Официант пожал плечами и объяснил, что Богословский вычеркнул три четверти заказа.

— Не понимаю!

— Как этого человека много, — с усмешкой произнес Богословский, — как его, нашего Федора Федоровича, чертовски много.

— Это вы про что?

— Да к слову. И чтобы вы перестали поминутно за все и за всех платить. На сколько еще библиотеки хватит? На год? На полгода?

— Тогда и заживем по-другому!

— Торопитесь, словно жару прибежали хватить, — угрюмо любуясь Щукиным, продолжал Богословский, — словно боретесь вы с вашими деньгами…

— Я хотел…

— То-то, что хотел, да хотей не велел. Ну да шут с ним, со всем. Скажите лучше, что с Пузыревым станем делать…

Щукин помрачнел, задумался.

— Не сердитесь, — попросил Богословский, — от себя не уйдешь…

— Сократу будто бы сказали о каком-то дядечке, что путешествие его нисколько не изменило, — прямо глядя в глаза Николаю Евгеньевичу, произнес Щукин. — «Верю, — ответил на это Сократ, — ведь он возил с собой себя самого». Это про нас. Никуда не денешься. В праздномыслие не спрячешься.

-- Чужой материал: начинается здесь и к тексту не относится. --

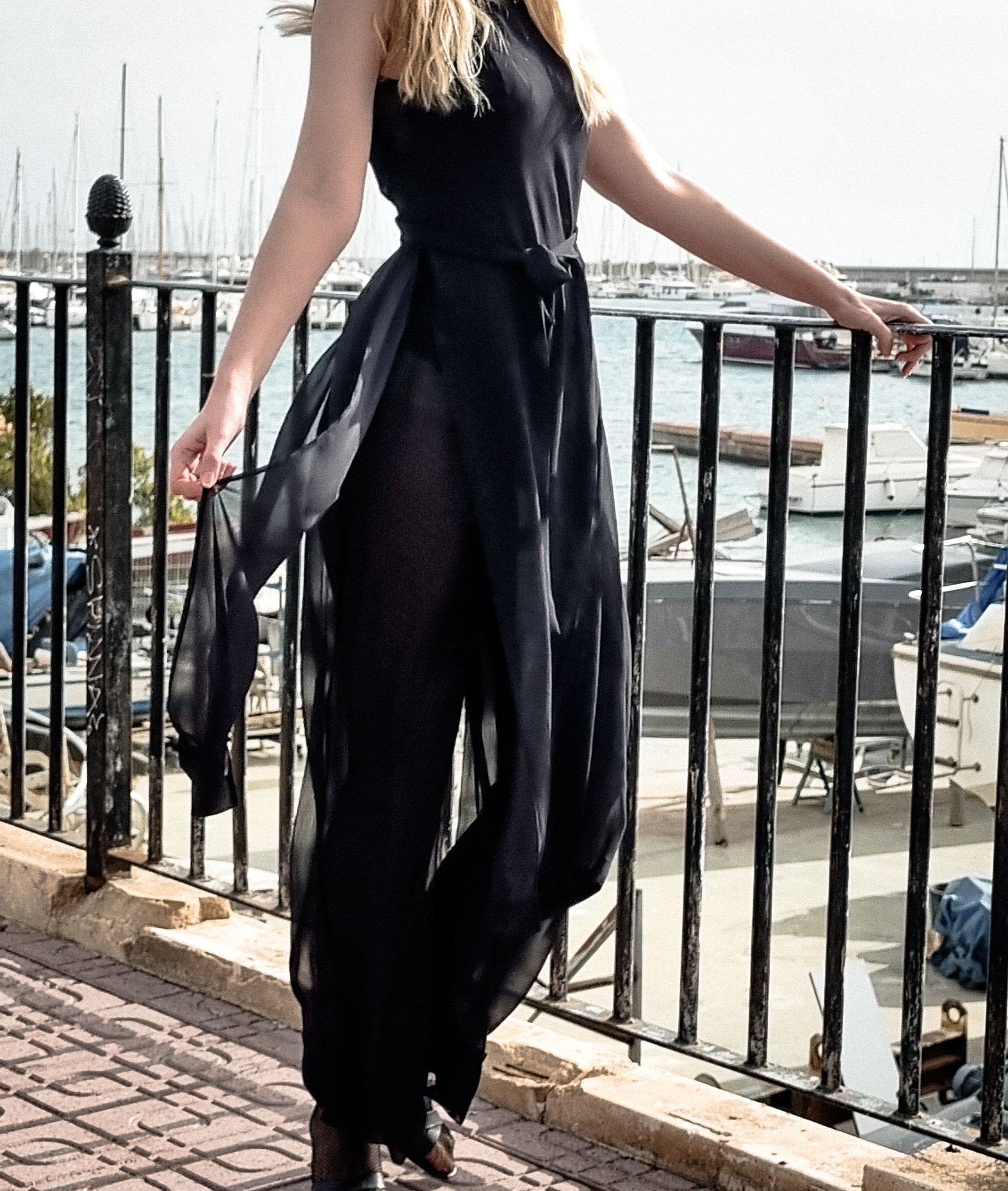 Teine minu lemmik reisidel on must šifoonist hõlstkleit. See on oversize suuruses must kleit, mis mahub selga suurustele S kuni XL. Seda kleiti võib kanda rannas bikiinide peal, “onu” juubelil väikese musta kleidi, pükskostüümi peal … argisel, tänavastiilis, rannas, pidulikul moel, valik on Sinu! Kleiti on lihtne eemaldada ja seeläbi hetkega oma välimust muuta. Ka on ta mahuliselt nii väike, et mahub kotikesse.
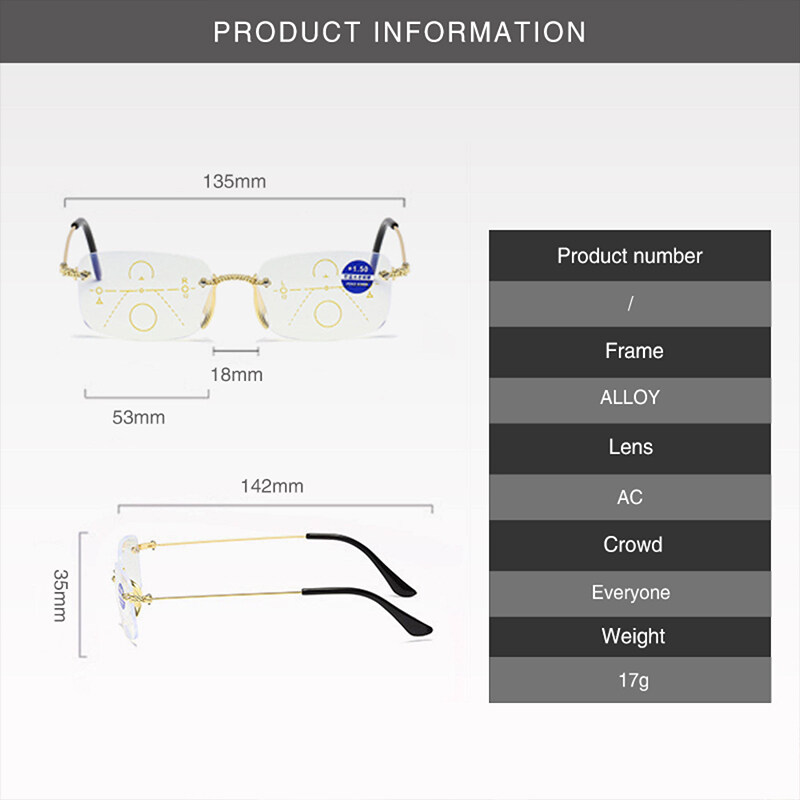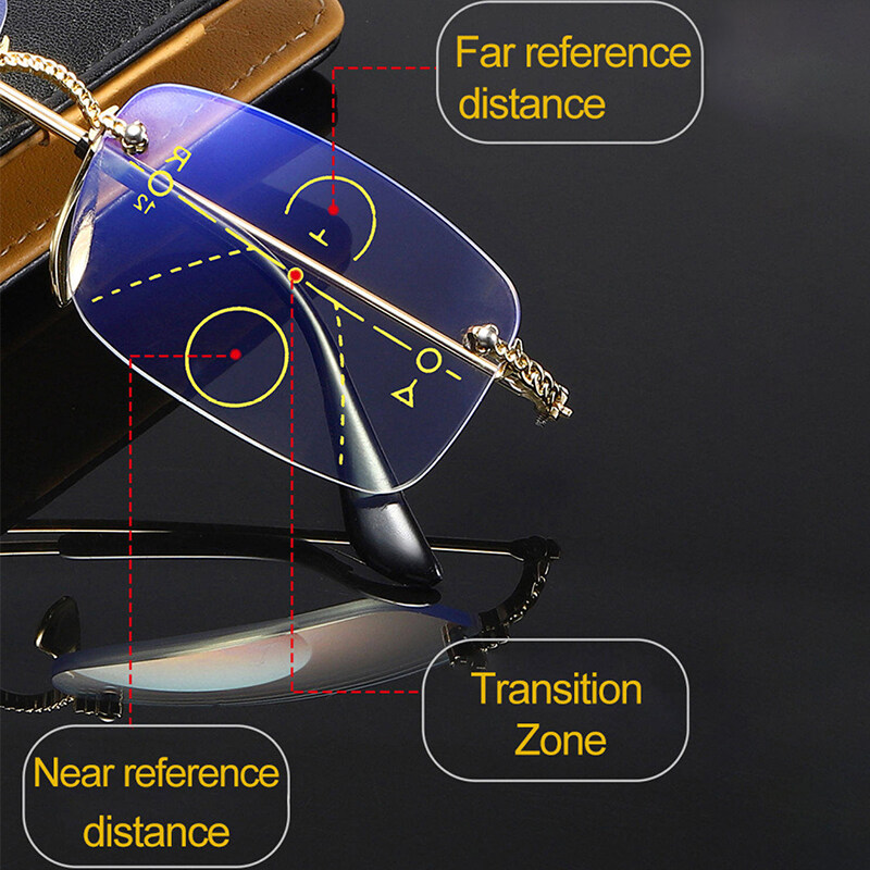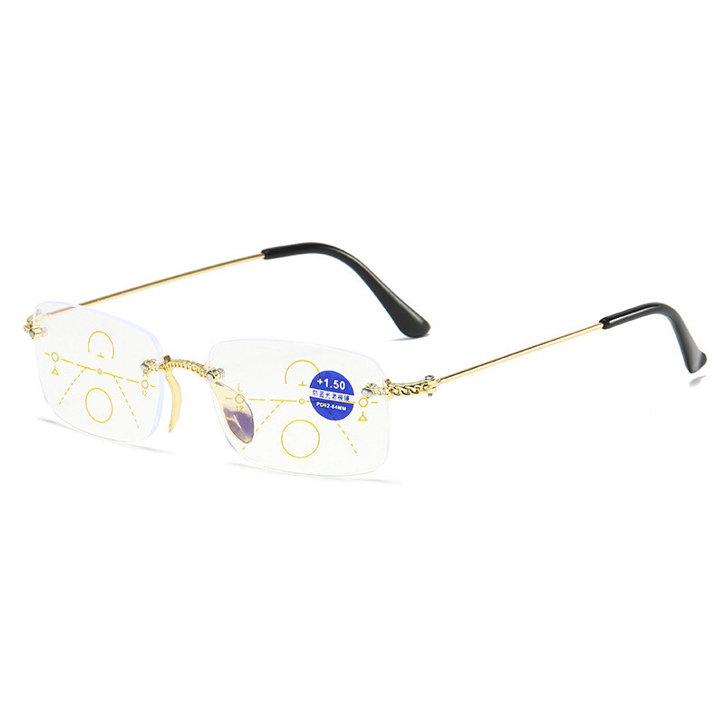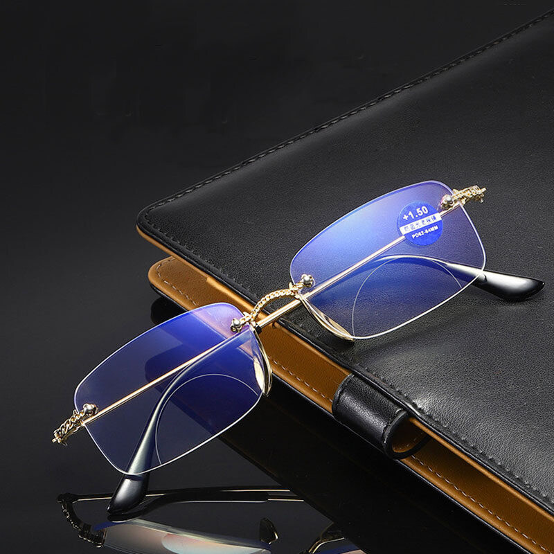 Anti-Blue Light Bifocal Reading Glasses Both Far and Near Progressive Multi-Focus Reading Glasses Frameless Trimming Flat High Quality Eyeglasses PTQ

И они заговорили о Пузыреве, словно и не было веселого застолья, словно не сидела рядом со Щукиным Ляля, словно не в ресторане шел разговор, а в ординаторской, и говорили до тех пор, пока окончательно не утвердились в мысли о полном своем трагическом бессилии. Тут наступило молчание, краткое и глубокое, ведомое докторам, молчание-прощание, молчание перед тем, как собраться с силами, чтобы свернуть на другую тему для сбережения собственных, не таких уж избыточных рабочих возможностей.